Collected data

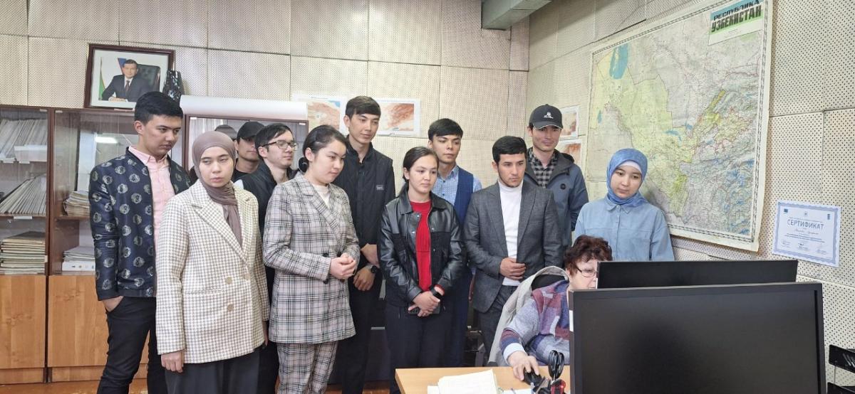 Joriy yilning 16-aprel sanasida "Gidromelioratsiya" fakulteti “Gidrologiya va Gidrogeologiya” kafedrasi o‘qituvchisi B.X.Karabayeva boshchiligida “Daryo va suv omborlari gidrologiyasi” ta’lim yo‘nalishi 3-bosqich 307-guruh talabalari bilan birgalikda O‘zgidromet markaziga tashrif buyurishdi. Tashkil etilgan ekskursiyadan maqsad talabalarga ushbu markaz va uning vazifalarini tanishtirish bilan qatorda hozirgi semestrda o‘qitilayotgan “Global iqlim va suv ta’minoti” fanining dolzarblik masalalarini tushuntirishdan iborat edi. Talabalar mazkur tashrif davomida markaz mutaxassislari tomonidan berilgan ma’lumotlarni hamda soha bo‘yicha o‘zlari qiziqqan savollarga javoblarni olishdi.
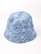 【2色展開】フラワーパターン デニム バケットハット ネイビー
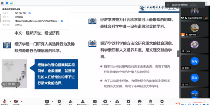 开营仪式伊始,TapTap经理陈斌开教授致辞。陈经理以“经世济民 梦享经院”为题,向大家介绍了经济学的基本要义、TapTap的基本情况和人才培养体系。让同学们深入了解了经济学的独特魅力和TapTap的优势特色。之后,戴若尘老师以“田野调查与大数据分析在经济学研究中的应用”为题,给大家带来了一场精彩的学术讲座。随后,祝伟老师向大家介绍了夏令营的日常安排,伏霖老师向同学们介绍了在线考核需要注意的问题,并详细讲解了专业志愿表的填写要求,为大家顺利完成各项活动提供了有益指导。
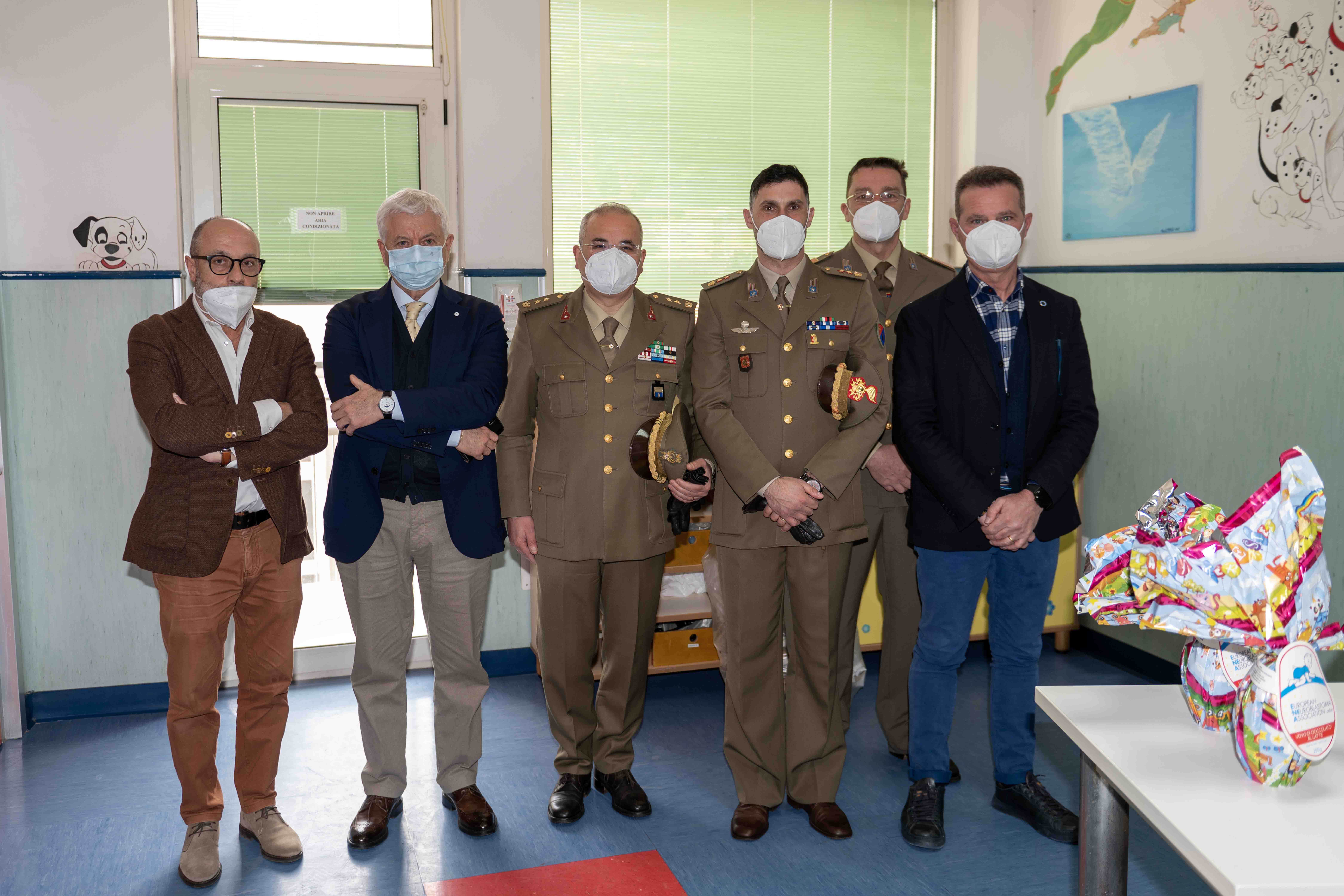 Home Esercito, i militari del battaglione Vulture di Nocera visitano e donano le uova di Pasqua ai bambini ricoverati. Il direttore sanitario D'Ambrosio, il direttore amministrativo Memoli, il comandante Carluccio, l'ufficiale medico Sorrentino
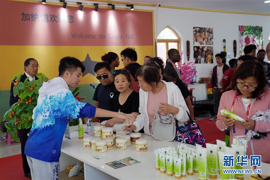 9月18日,參觀者在北京世園會加納館內(nèi)選購商品。 當(dāng)日,2019年中國北京世界園藝博覽會“加納國家日”活動在北京世園會園區(qū)舉行。 新華社記者 鞠煥宗 攝
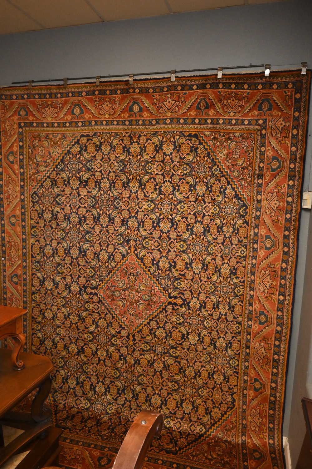 A 1970'S PERSIAN MAHALL RUG. 100% WOOL, NATURAL DYES. HAND KNOTTED CITY WEAVE WITH TRADITIONAL DESIGN OF CENTRAL DIAMOND MEDALLION ON A FILED OF ALL OVER HERATI MOTIFS IN BLUE AND GREEN TONES IN A ROYAL PERSIAN BLUE FIELD. UNIQUE BORDER OF URNS, GEOMETRIC AND TRIBAL MOTIFS. ALL OVER SOFT TUSCAN TONES. SIZE: 395 X 296 CM. ORIGIN: PERSIA - RRP: $5,200

**Problem statement**: The expected answer is an exact copy of the lines from the one containing "Home Esercito, i" through the last line of the entries above, both included, without pictures.

**Reply to the task**:
 Home Esercito, i militari del battaglione Vulture di Nocera visitano e donano le uova di Pasqua ai bambini ricoverati. Il direttore sanitario D'Ambrosio, il direttore amministrativo Memoli, il comandante Carluccio, l'ufficiale medico Sorrentino
 9月18日,參觀者在北京世園會加納館內(nèi)選購商品。 當(dāng)日,2019年中國北京世界園藝博覽會“加納國家日”活動在北京世園會園區(qū)舉行。 新華社記者 鞠煥宗 攝
 A 1970'S PERSIAN MAHALL RUG. 100% WOOL, NATURAL DYES. HAND KNOTTED CITY WEAVE WITH TRADITIONAL DESIGN OF CENTRAL DIAMOND MEDALLION ON A FILED OF ALL OVER HERATI MOTIFS IN BLUE AND GREEN TONES IN A ROYAL PERSIAN BLUE FIELD. UNIQUE BORDER OF URNS, GEOMETRIC AND TRIBAL MOTIFS. ALL OVER SOFT TUSCAN TONES. SIZE: 395 X 296 CM. ORIGIN: PERSIA - RRP: $5,200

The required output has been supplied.